The single submission by the United States on behalf of petitioners is that all of the federal officials sued in this case are absolutely immune from any liability for damages even if in the course of enforcing the relevant statutes they infringed respondent's constitutional rights and even if the violation was knowing and deliberate. Although the position is earnestly and ably presented by the United States, we are quite sure that it is unsound and consequently reject it.

In Bivens v. Six Unknown Fed. Narcotics Agents, 403 U.S. 388 (1971), the victim of an arrest and search claimed to be violative of the Fourth Amendment brought suit for damages against the responsible federal agents. Repeating the declaration in Marbury v. Madison, 1 Cranch 137, 163 (1803), that "'[the] very essence of civil liberty certainly consists in the right of every individual to claim the protection of the laws,'" 403 U.S., at 397, and stating that "[historically,] damages have been regarded as the ordinary remedy for an invasion of personal interests in liberty," id., at 395, we rejected the claim

[ 438 U.S. Page 486]

     that the plaintiff's remedy lay only in the state court under state law, with the Fourth Amendment operating merely to nullify a defense of federal authorization. We held that a violation of the Fourth Amendment by federal agents gives rise to a cause of action for damages consequent upon the unconstitutional conduct. Ibid.*fn7

Bivens established that compensable injury to a constitutionally protected interest could be vindicated by a suit for damages invoking the general federal-question jurisdiction of the federal courts,*fn8 but we reserved the question whether the agents involved were "immune from liability by virtue of their official position," and remanded the case for that determination. On remand, the Court of Appeals for the Second Circuit, as has every other Court of Appeals that has faced the question,*fn9 held that the agents were not absolutely immune and that the public interest would be sufficiently protected by according the agents and their superiors a qualified immunity.
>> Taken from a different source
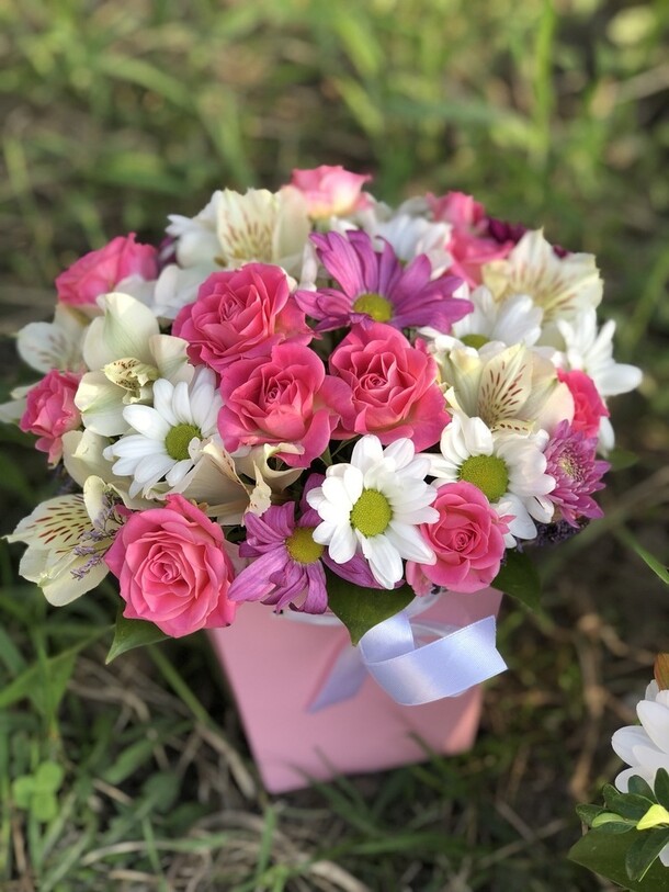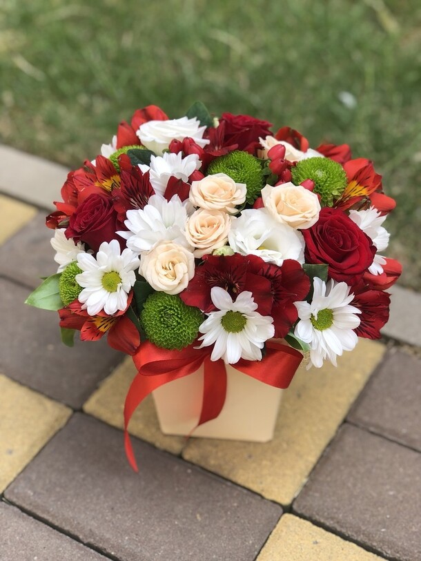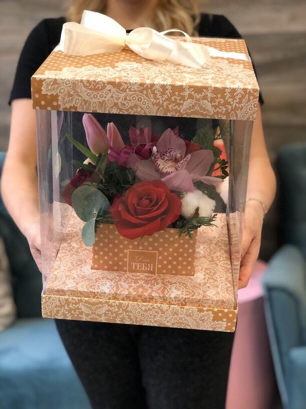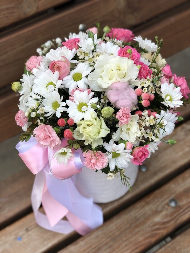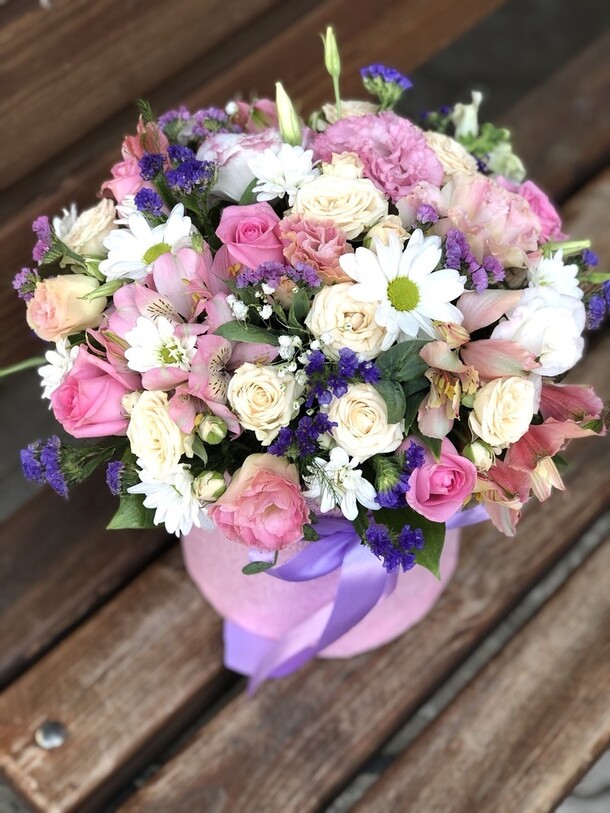 Спасибо флористам за работу, все вышло здорово! Единственное, подкачал курьер по времени, но бывает

In our view, the Courts of Appeals have reached sound results. We cannot agree with the United States that our prior cases are to the contrary and support the rule it now urges us to embrace. Indeed, as we see it, the Government's

[ 438 U.S. Page 487]

     submission is contrary to the course of decision in this Court from the very early days of the Republic.

The Government places principal reliance on Barr v. Matteo, 360 U.S. 564 (1959). In that case, the acting director of an agency had been sued for malicious defamation by two employees whose suspension for misconduct he had announced in a press release. The defendant claimed an absolute or qualified privilege, but the trial court rejected both and the jury returned a verdict for plaintiff.

In the 1958 Term,*fn10 the Court granted certiorari in Barr "to determine whether in the circumstances of this case petitioner's claim of absolute privilege should have stood as a bar to maintenance of the suit despite the allegations of malice made in the complaint." Id., at 569. The Court was divided in reversing the judgment of the Court of Appeals, and there was no opinion for the Court.*fn11 The plurality opinion inquired whether the conduct complained of was among those

[ 438 U.S. Page 488]

     "matters committed by law to [the official's] control" and concluded, after an analysis of the specific circumstances, that the press release was within the "outer perimeter of [his] line of duty" and was "an appropriate exercise of the discretion which an officer of that rank must possess if the public service is to function effectively." Id., at 575. The plurality then held that under Spalding v. Vilas, 161 U.S. 483 (1896), the act was privileged and that the officer could not be held liable for the tort of defamation despite the allegations of malice.*fn12 Barr clearly held that a false and damaging publication, the issuance of which was otherwise within the official's authority, was not itself actionable and would not become so by being issued maliciously. The Court did not choose to discuss whether the director's privilege would be defeated by showing that he was without reasonable grounds for believing his release was true or that he knew that it was false, although the issue was in the case as it came from the Court of Appeals.*fn13

[ 438 U.S. Page 489]

     Barr does not control this case. It did not address the liability of the acting director had his conduct not been within the outer limits of his duties, but from the care with which the Court inquired into the scope of his authority, it may be inferred that had the release been unauthorized, and surely if the issuance of press releases had been expressly forbidden by statute, the claim of absolute immunity would not have been upheld. The inference is supported by the fact that MR. JUSTICE STEWART, although agreeing with the principles announced by Mr. Justice Harlan, dissented and would have rejected the immunity claim because the press release, in his view, was not action in the line of duty. 360 U.S., at 592. It is apparent also that a quite different question would have been presented had the officer ignored an express statutory or constitutional limitation on his authority.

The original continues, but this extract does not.